Description
Metrocall is clearly something of a "buggy-whip" company (paging), yet looks interesting as a long investment at these prices if you believe as I do that the company could produce upwards of $40-50mm in annualized free cash flow. A July 1 announcement by the company somewhat exemplifies the co's cash generating characteristics: As of June 30, 03 all of the co's remaining $11.5mm principal PIK notes were volunatrily paid in full. That repayment retired in full the last remaining debt balance associated with the October 02 reorg. Since the beginning of 03, over $80mm aggregate principal of debt has been retired from cash flow. Some early indications were that this event might not take place until the end of Q3, so this was a nice data point.
MTOH is a one and two way paging company which came out of bankruptcy in October 2002. Though paging is clearly a mature/declining business, capex requirements are very small ($12mm or less annualized), and marketing and admin costs are on the decline. Something which should also insulate MTOH from immediate obsolescence with certain customer segments: Paging is cheap and is very reliable.
Corporate strategy to help offset the declining nature of the business include a push toward higher ARPU's, lower churn, and lower subscription acquisition costs. To achieve this, the company is exiting lower margin business, and focusing on business and government customers (i.e. utilities, park police) which have lower acquisition costs, lower churn, and higher revenues. The company is trying to manage the business "down" to a stable and flat revenue stream vs. the current declining trends.
MTOH's also has detailed plan toward expense reduction: This plan calls for a 25% reduction in managers, consolidation of call centers into one location, consolidation of fulfillment centers, and deconstructing a minimum of 250 transmitter sites which support under-utilized frequencies. All-in, the co expects $14mm in annullized expense redcution from lower benefit and compensation expense, though the total could be higher.

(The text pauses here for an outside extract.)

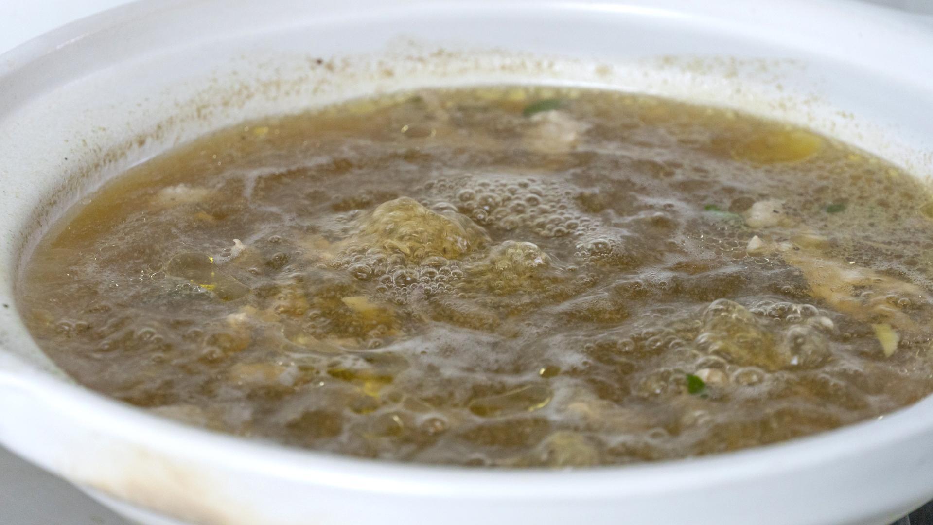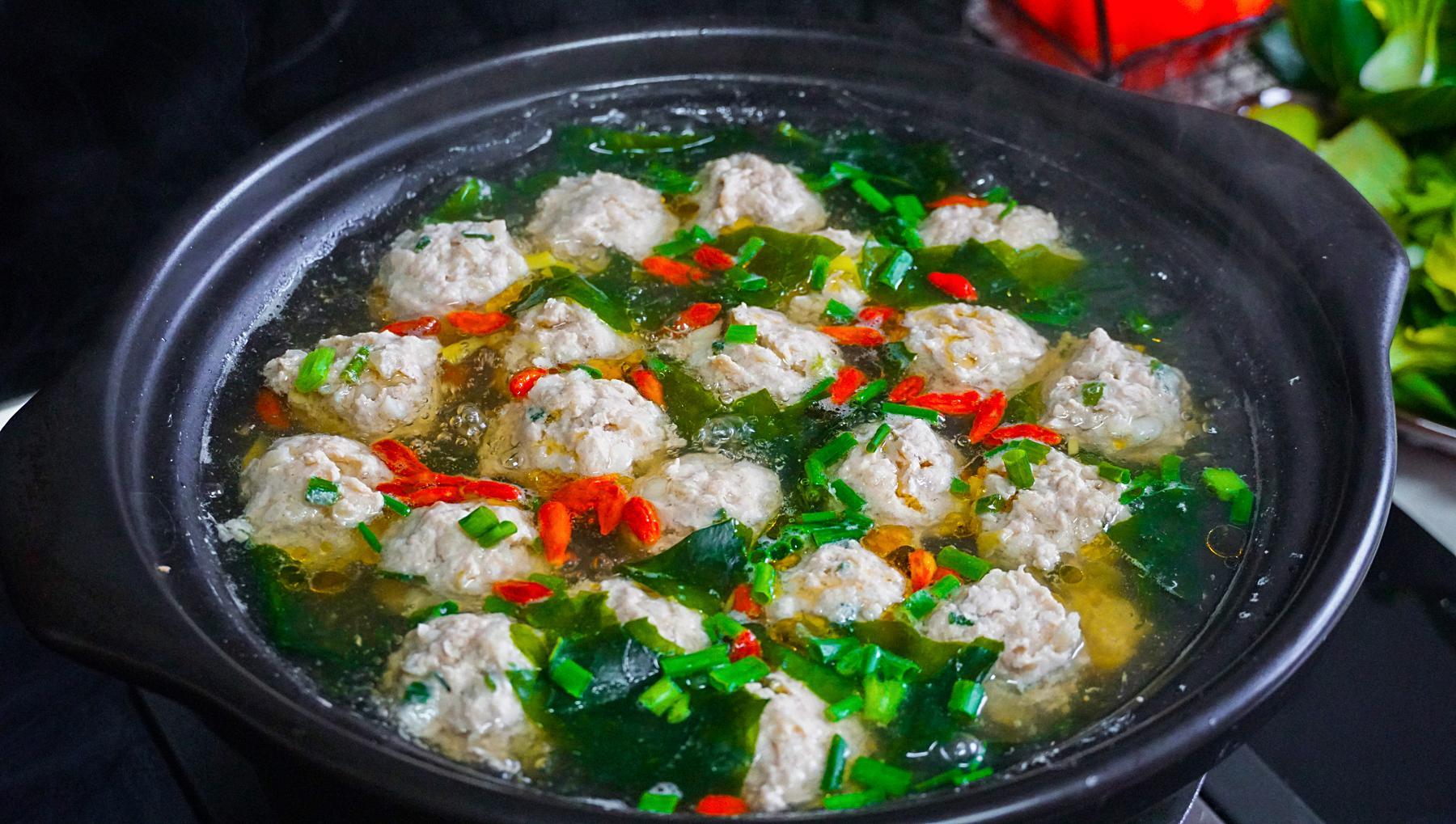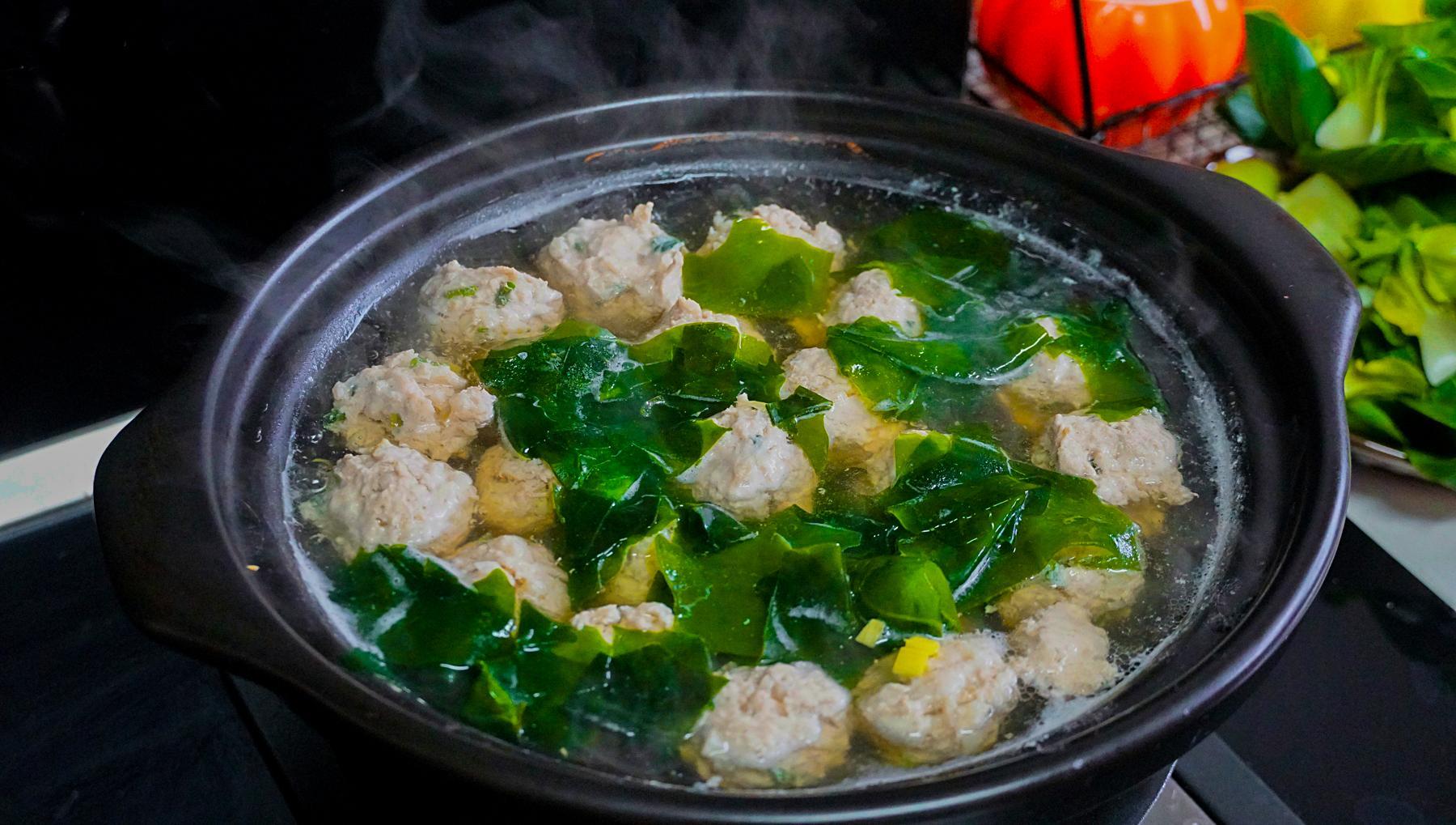 8、調味加點鹽、雞精、胡椒粉、香油,裙帶菜煮熟了就可以出鍋了,然後撒點蔥花和枸杞,裙帶菜丸子湯就做好了。

The current capital structure is as follows: $66.8mm in liquidation preference pfd stock (6mm shares o/s), 1mm shares of common o/s,and $11mm in unrestricted cash. Using somewhat conservative assumptions on expense control and sales decline, I think that the pfd could be paid off before the end of 2004.
With a market cap of $135mm, a pay-off of the pfd issue as early as Q3 04, and the realization of $40-50mm in annualized free cash flow, Metrocall will only be trading at 2.7-3.4x c.f. once the pfd is taken out. Downside should be limited given the large cash generating abilities and the success thus far in the turnaround. At 4x cash flow the stock would trade at $160-200/share, and perhaps it's not a stretch to assume a more generous valuation if there is further evidence of stabilization, expense reduction, or greater than expected cash flow.
RISKS: 1.Revenue decline/subscriber weakness do not offset higher ARPU and expense reduction plan. 2. Pricing pressure from more "robust" full service competitors.
Catalyst
Continued execution of plan; beginnning pay-down of pfd stock. (I would have listed misallocation of cash as a "risk", but it appears to me that the company extremely well managed from a financial perspective).